Abere Karibi-Ikiriko's present appeared sterling, and her future seemed limitless.

She had a perfect 4.0 grade-point average at the Howard University College of Medicine, where she was a fourth-year medical student. She was well on her way to earning a combined medical degree and PhD. On Jan. 15, she was in her Capitol Heights home, preparing for a flight to Austria to attend a Nobel Prize conference.

A few hours later, Karibi-Ikiriko was locked up in the Prince George's County Detention Center, accused of fatally shooting her on-again, off-again boyfriend, Okechukwu "Will" Ohiri, 26, a fellow medical student. She had called 911 and reported, "I shot him."

During a three-day trial last week, prosecutors alleged that Karibi-Ikiriko, 27, fatally shot Ohiri because she believed that he was seeing prostitutes. Karibi-Ikiriko testified that the gun went off accidentally when Ohiri grabbed it from her.

A Prince George's jury convicted Karibi-Ikiriko yesterday of second-degree murder and using a handgun during a felony. The jury, which deliberated for about four hours over two days, acquitted her of premeditated first-degree murder.

Karibi-Ikiriko laid her head on the defense table moments after the verdict was announced, a prosecutor said.

She faces a possible sentence of 50 years in prison. Circuit Court Judge Richard H. Sothoron Jr. scheduled sentencing for Sept. 9.

"It's a waste of two talented lives," said Prince George's Assistant State's Attorney I. DeAndrei Drummond. "Two lives were ruined in a second, in the time it takes to pull a trigger."

Simon Ohiri, the father of Will Ohiri, traveled with his wife from their home in Chicago to attend the trial, which ended Friday.

"Even though we are happy that she is found guilty, it still doesn't bring my son back," Ohiri said.

James N. Papirmeister, one of Karibi-Ikiriko's attorneys, said: "I think she should have been 100 percent acquitted. She doesn't have a violent bone or nerve in her body."

Karibi-Ikiriko, born in New York of Nigerian descent, was an unlikely murder defendant.

During two hours of tearful testimony, she described her academic achievements and her tumultuous romance with Ohiri, also of Nigerian descent.

In 1995, she enrolled at the University of Missouri as a biological sciences major.

In 1997, she founded the Campaign Against Female Genital Mutilation to educate Nigerian women about the perils of female circumcision.

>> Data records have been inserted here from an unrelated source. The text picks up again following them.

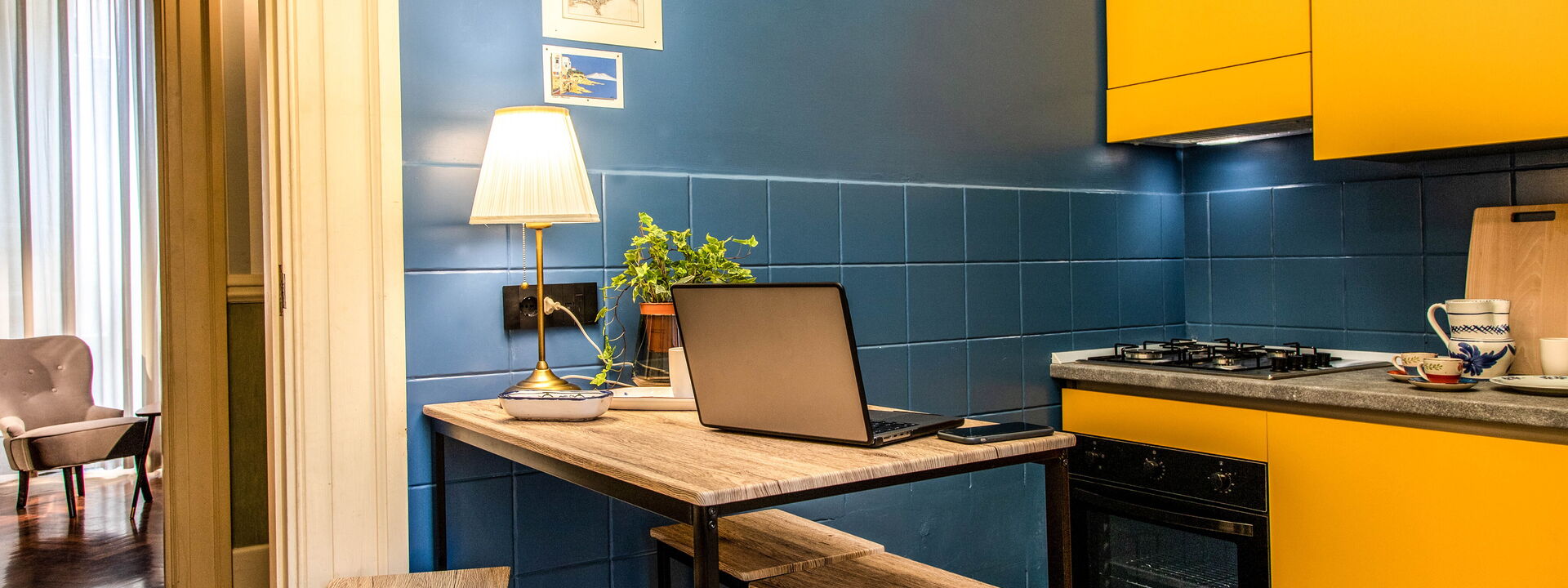 The highlight of Tribunali Luxury Suite is the living and dining space, grandeur in size and with lavish interiors thanks to the original wall fresco and pieces of period furniture. Down a vestibule hallway you will reach the kitchen and main sleeping quarters of the apartment.
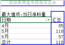 如图,以公众号每日涨粉量数据为例,生成数据透视表
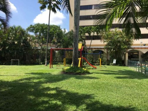 There is also a spa area right behind it with a sauna, steam bath, and Jacuzzi. The grassy area features a small soccer field and kids playground.

Two years later, Karibi-Ikiriko was named one of the top 10 undergraduate women students in the country by Glamour magazine. In the magazine, Karibi-Ikiriko said her goals were to obtain her medical degree, then to work as an anesthesiologist in poor, rural areas. "I feel like I'm on a journey toward improving the world," she said.

After working for a pharmaceutical company, she bought a house in the 5100 block of Heath Street in Capitol Heights, and in 2001 enrolled in Howard University's medical school.

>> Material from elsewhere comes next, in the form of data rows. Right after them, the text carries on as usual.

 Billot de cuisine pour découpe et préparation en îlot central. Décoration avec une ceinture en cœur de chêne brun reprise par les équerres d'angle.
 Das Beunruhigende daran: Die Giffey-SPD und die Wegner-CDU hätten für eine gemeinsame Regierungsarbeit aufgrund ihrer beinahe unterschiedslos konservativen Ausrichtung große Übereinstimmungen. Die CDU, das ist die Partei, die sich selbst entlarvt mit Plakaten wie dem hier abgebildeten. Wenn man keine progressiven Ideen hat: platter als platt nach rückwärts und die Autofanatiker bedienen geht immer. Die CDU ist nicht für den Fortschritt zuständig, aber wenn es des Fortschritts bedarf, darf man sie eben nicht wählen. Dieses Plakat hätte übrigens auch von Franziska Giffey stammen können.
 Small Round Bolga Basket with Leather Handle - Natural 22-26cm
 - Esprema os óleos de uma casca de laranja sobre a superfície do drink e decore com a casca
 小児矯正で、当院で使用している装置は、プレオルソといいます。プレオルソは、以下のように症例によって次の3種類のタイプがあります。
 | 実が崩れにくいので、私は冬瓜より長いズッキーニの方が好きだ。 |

She met Ohiri during her first year of medical school, and the two started dating the following year. Karibi-Ikiriko testified that she fell in love with him.

"He was a very nice guy. He was always there for me. We had some problems in our relationship," she testified. Karibi-Ikiriko testified that Ohiri sometimes forced her to have sex.

The two began a cycle in which she would break up with him, then he would write her love letters, and they would reconcile until the next breakup, Karibi-Ikiriko testified.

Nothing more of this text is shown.